I wanted to tell him that his pistol, with only a high and low laser setting, was useless, but he seemed to have figured that out himself. Instead of aiming for the scaled bodies, he fired at the individual legs, picking them off one by one. With thirty a piece, it wasn’t a very workable strategy in the long run, but it did the trick on the two that were left and let me conserve my water supply.
As soon as they were all down, he pulled out his br
eathing filter and I followed suit. Though every tube we’d passed was still aflame, most of the smoke had cleared.
“They’re overrun topside,” he said, his voice on the edge of panic. “They were screaming for us to come and help but now there’s only static.”
My heart sank. After creating as much havoc as we could here, we’d planned to ride the small sled down and hit the deeper tunnels. If things were bad enough that the dining hall had fallen, then we had to scrap the entire plan and do what we could to salvage things.
“What’s our situation?” I asked, thinking furiously.
“We lost Seyton and there’s no sign of the twins,” he told me, his voice breaking. “Iago and Edmund were still trying to hold the ledge when I left them.”
Over half of the team down.
“Come on,” I told him, turning and running to catch up with Conrad.
“Put him down,” I ordered when we caught up, unstrapping my med-kit.
I motioned for them to guard us and pulled out a stim patch slapping it onto Quince’s neck and saying a silent apology to him. I knew it would bring him around in seconds, but I didn’t envy him the hangover he would have for the week it would take for the drugs to clear his system.
His eyes fluttered open and he looked around, confused.

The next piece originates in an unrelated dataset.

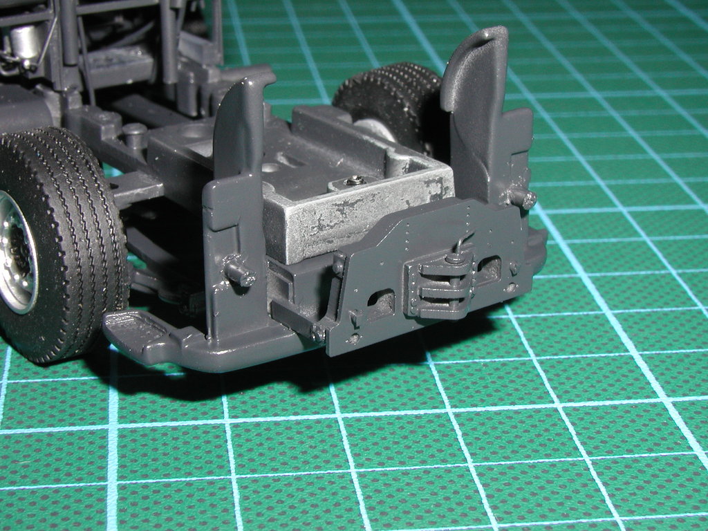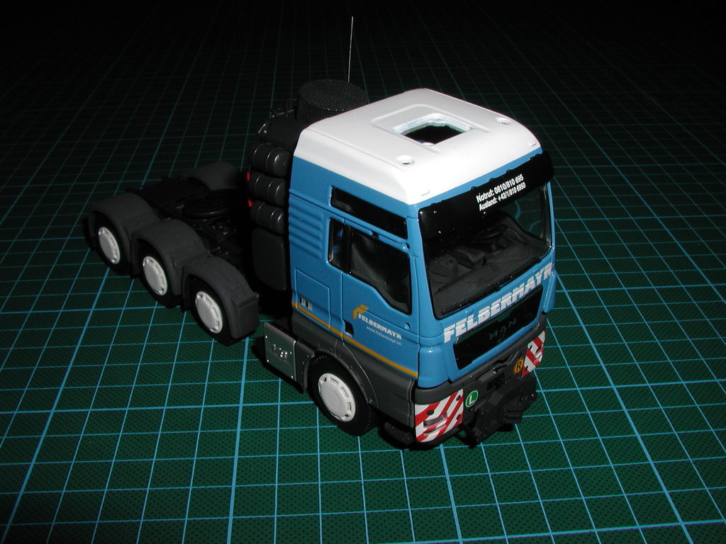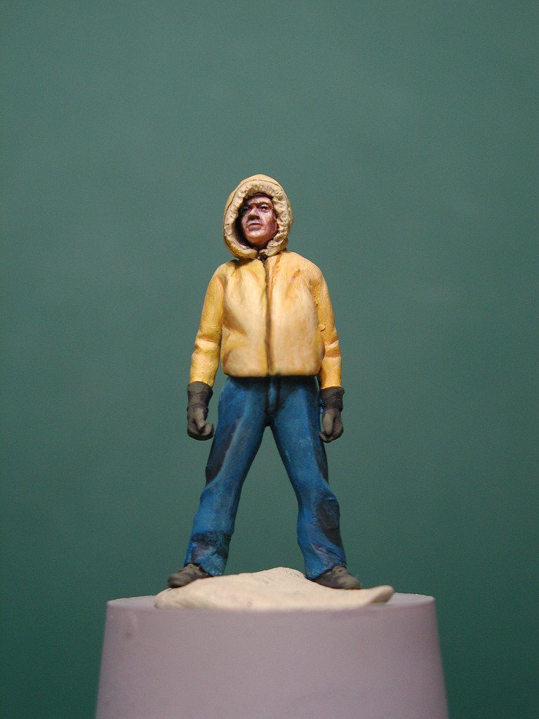 Dieses Modell bekommt auch einen Fahrer, jedoch gebe ich die Figur hinten auf die mittlere Standfläche zwischen Schwerlastturm und Sattelteller drauf, er bekommt später die beiden großen Hydraulikschläuche in beide Hände, zudem ist Winter, ich habe der Figur eine Winterjacke mit einer dicken Kapuze modelliert. Die Grundfigur ist aus Resin, der Rest (Jacke, Kapuze und verlängerte Hosen) ist selbst mit Magic Sculp (eine Zweikomponentenknetmasse, mit der ich normalerweise Figuren modeliere) selbst modelliert.

He’d lost his stun baton, so I pressed my pistol into his hand.
“Aim for the legs,” I told him, then stood up.
“Wait until he can walk, then follow me,” I told Conrad as I ran past him toward the ledge.

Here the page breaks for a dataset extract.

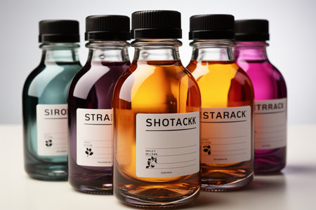 Scientific experiment in a row, illuminated equipment reflects multi colored liquid generated by artificial intelligence

I rounded the last bend and stopped dead. There were spiders everywhere. Iago had his back to the wall and was swinging his rifle at them like a club and Edmund was nowhere to be seen. A smart commander would have turned and gone back, taken Quince and the others deeper and hoped to fight through to the stairwell there, but I wasn’t terribly smart and there was no way I was abandoning Iago. Instead, I pulled my knife and cut free one of the empty clips that had held the grenades to my belt. I coiled it around my rifle trigger and set it to full auto and sonic, then I squeezed it tight.